三姑娘姜萱、六公子姜荣,最小的姜茂还得由奶娘抱着。
倒是二房只有两个姑娘,行四的姜蕙为二婶田氏所出,以及张姨娘所生的七姑娘姜萍。
见姜莞故意略掉自己,姜承气大:“为父在同你说话,为何不应?”
姜莞这才看向他,装作一脸诧异:“父亲,我以为你知道的。

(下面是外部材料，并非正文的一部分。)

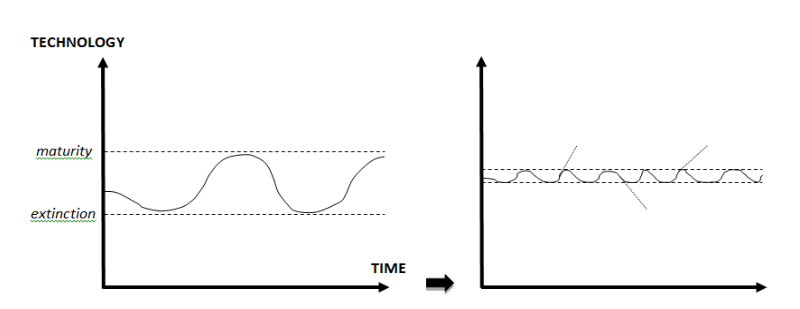 Figure 4: Collapse recurring indefinitely? The modern human condition represents a narrow range of the space of possibilities. The longer the time scale considered, the lower the probability that humanity's level of technological development will remain confined within the interval defined at the lower end by whatever technological capability is necessary for survival and at the upper end by technological maturity.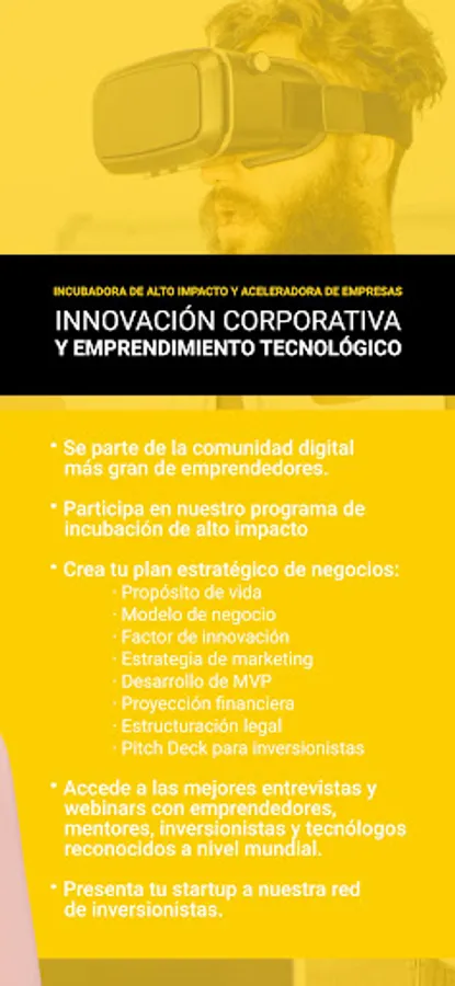 Technological platform to help you create and grow your company or startup, through the implementation of the High Impact Incubation and Business Acceleration Programs, where you will learn from finding your entrepreneurial life purpose, to raising private capital before Angel Investors, passing by methodologies such as Design Thinking, Lean Startup, Business Model Canvas, Inbound Marketing, Strategic Business Management, Product Management, Intellectual Property and Brand Registration, Incorporation of Companies, Accounting for Startups, Branding, Innovation, Corporate Governance, Business Coaching , Quality Control, among many other topics. Likewise, you will receive mentoring, coaching and continuous and real-time business consultancies by livestream, while you create your business model from the mobile application of STARTCUPS, the most important Business Incubator and Accelerator in Latin America.
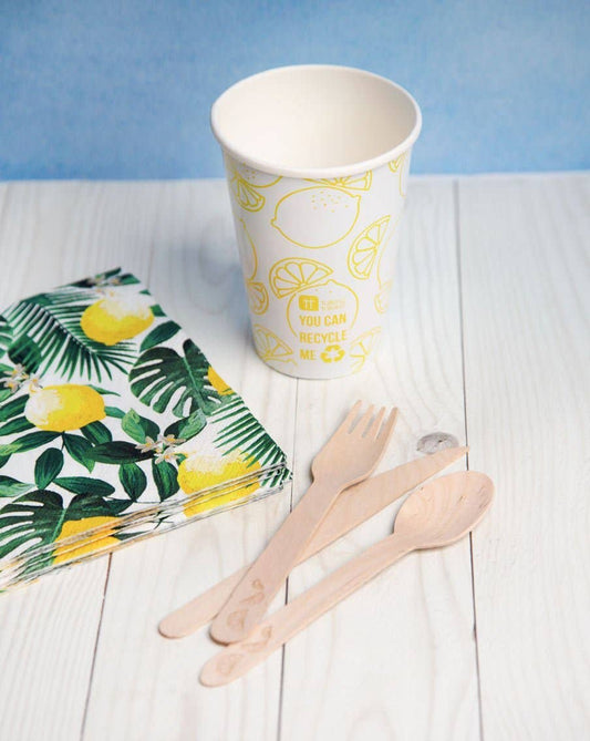 Wooden Eco Cutlery, Lemon Print - 6 Place Settings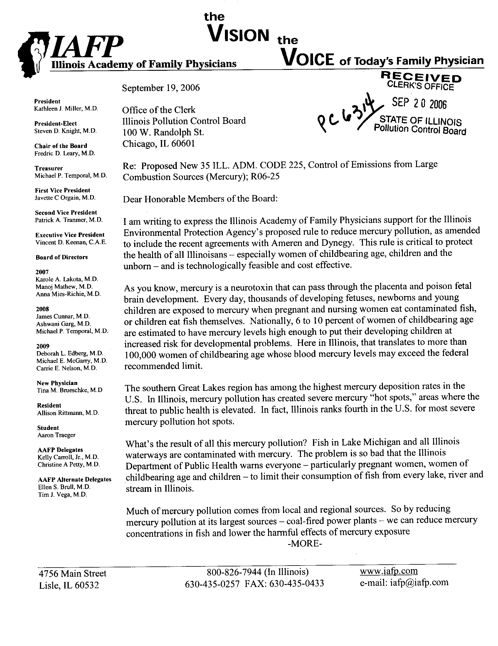 I am writing to express the Illinois Academy of Family Physicians support for the Illinois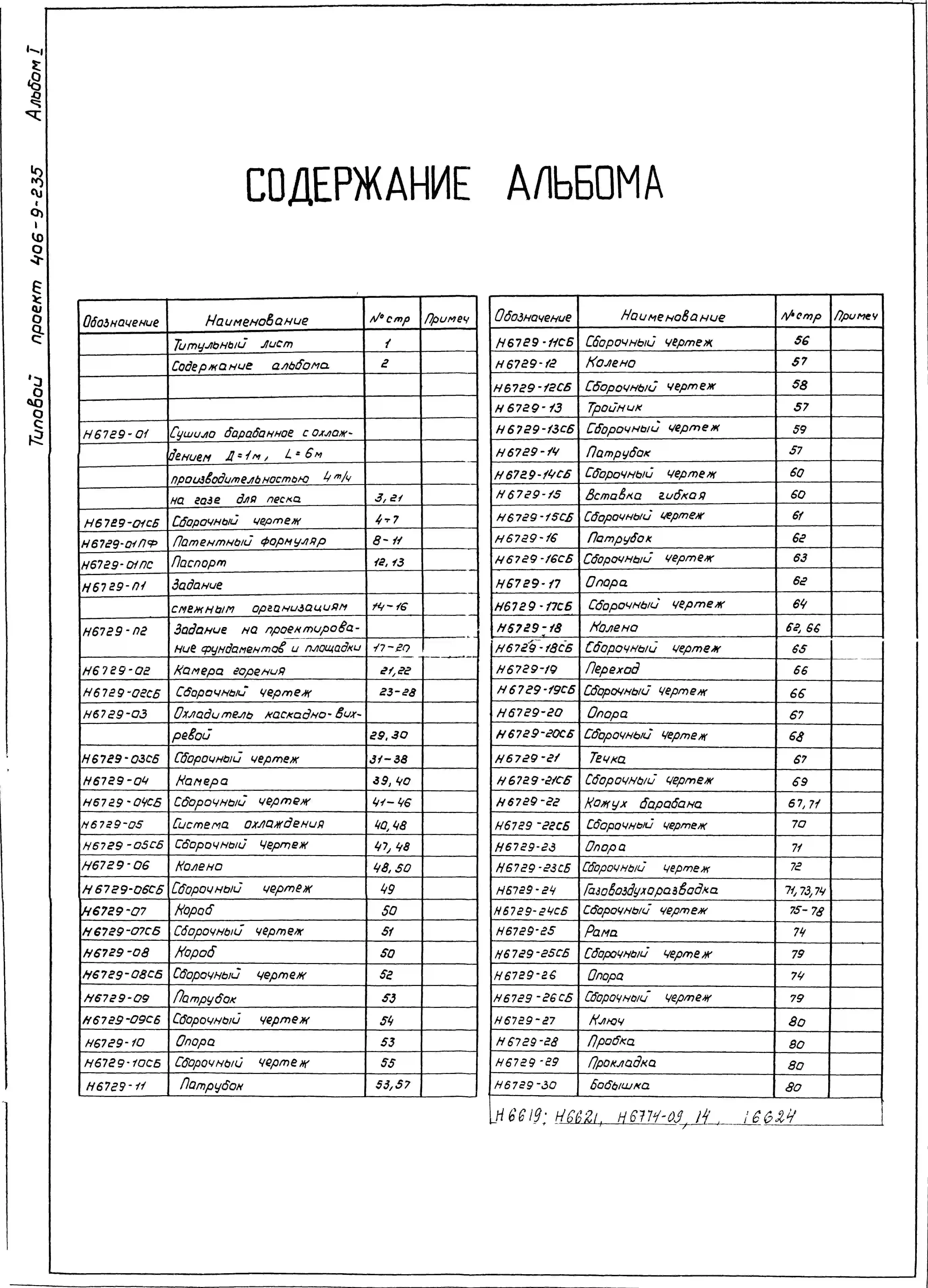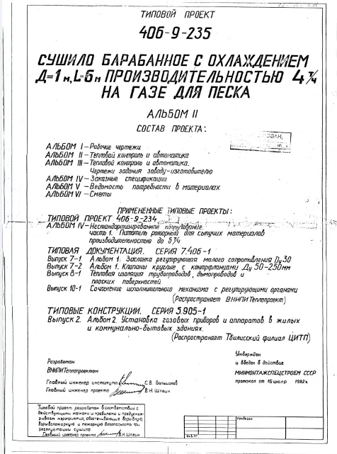 Типовой проект 406-9-235 Сушило барабанное с охлаждением Д=1 м, L=6 м производительностью 4 т/ч на газе для песка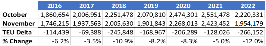 Figure 2: October to November U.S. Container Import Volume Comparison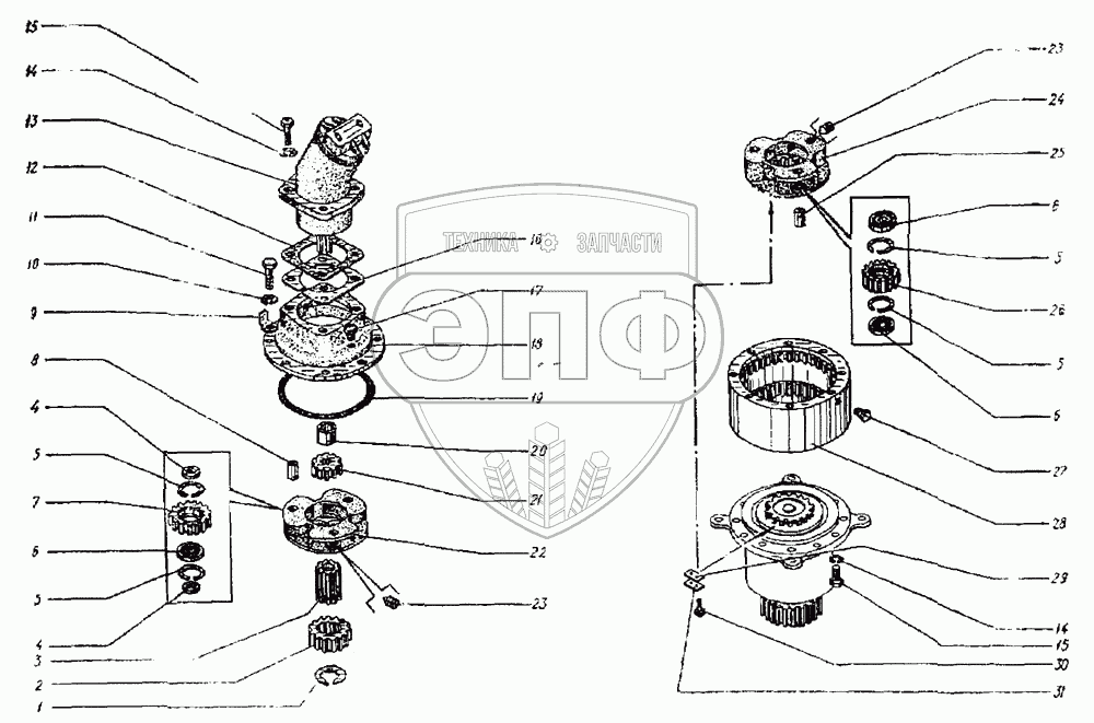 Каталог запасных частей к технике: ТВЭКС ЭО-3122. Механизм поворота

”
话罢,她故意扫了一眼其身侧的芳姨娘。
大燕朝官宦世家里嫡庶之间并没有多么泾渭分明,那是因为妾室所生子女皆记在嫡母名下,生母是没有教养资格的。
姜家虽然特殊了些,芳姨娘得宠,是以明面上孩子都记在主母孟玉华名下,实际上几个孩子都留在了她身边养育。
但这并不代表芳姨娘就可以插手孩子们的婚事,尤其这个人还是姜莞。
“总不能是父亲想让我喊芳姨娘一声母亲吧?”
“难不成父亲也要扶正芳姨娘?”这个‘也’字就用得非常灵性。
“你这个......”姜承哑口无言。
因为他心虚。
姜莞说中了他心底最真实的想法,当年要不是姜德非要他续娶孟氏,他早就扶正芳姨娘了。
在姜承看来自己扶正芳姨娘那是再正常不过的事,为什么父亲就是不肯答应。
姜德当然不会答应,姜家已经有一个小妾扶正的白氏了,再来一个小白氏那还不得成为整个燕京的笑话。

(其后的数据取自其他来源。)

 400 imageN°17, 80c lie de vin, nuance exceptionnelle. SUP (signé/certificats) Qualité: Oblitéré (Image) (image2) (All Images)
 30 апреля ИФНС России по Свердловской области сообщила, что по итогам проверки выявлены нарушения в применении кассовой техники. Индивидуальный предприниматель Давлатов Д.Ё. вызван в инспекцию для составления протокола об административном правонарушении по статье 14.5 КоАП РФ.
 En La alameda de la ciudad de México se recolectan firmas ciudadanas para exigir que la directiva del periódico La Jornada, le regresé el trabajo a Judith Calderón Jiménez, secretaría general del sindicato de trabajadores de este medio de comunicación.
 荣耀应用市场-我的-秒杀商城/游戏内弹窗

更何况娶一个孟氏能给姜家带来利益,芳姨娘一个妾室当年要不是被白氏接到姜家养着早饿死在接头了。
姜莞一句话,惹得众人神色各异。
总感觉她在含沙射影些什么。
姜莞可不管他们高不高兴,又看向上首两个老家伙,在二人说出那句“放肆”之前,先一步将军:“祖父祖母,你们也觉得孙女做错了吗?”
年轻时荒唐非要扶正小妾的姜德:“......”
被扶正的白氏:“......”
二人脸色难看得紧。
见两位不答,姜莞扭头:“二叔为官多年见多识广,肯定能为侄女解惑吧?”
此事当中最大受益人姜瑞似乎一点也不生气,还冲姜莞笑了笑,从头到尾都温和无比。
田氏倒是想说两句,被他制止了。
情绪稳定得可怕。
白氏眼里好好的一场接风宴,更是她在姜莞面前扬眉吐气的日子,结果全被毁了。
罪魁祸首还是她最厌恶的人。
为了给姜瑞洗尘,白氏可是下了血本,平日里舍不得吃的珍贵食材,今日全上了桌。
然而有了姜莞前面那些话,她这会儿面对一桌满汉全席却食不知味。
姜莞倒是吃得神清气爽,唯一不足的就是大厨房的厨子手艺不如她院里的厨娘。
好好的食材,只发挥了它们十之六七的味道。
不过瑕不掩瑜,而且她多吃两口,就能让白氏多心疼几下,一举两得。
这么一大桌,她一个人也吃不完。
姜莞给继母孟玉华也夹许多,还有姜芙姜菡两个妹妹。
饭后,白氏就借着二房一家刚回京需要休整为由让大家回了。
姜莞高高兴兴出了安寿堂,没有立即回陶然居是因为继母孟玉华拉住了她到自己院里。
一进院子,孟玉华就关心道:“你今日落他们脸面,将来怕是要在你婚事上做手脚。”
孟玉华早就同姜承分院而居,所以院里的仆从和姜莞的陶然居一样,都是她自己的人,说什么话也不怕被人听见。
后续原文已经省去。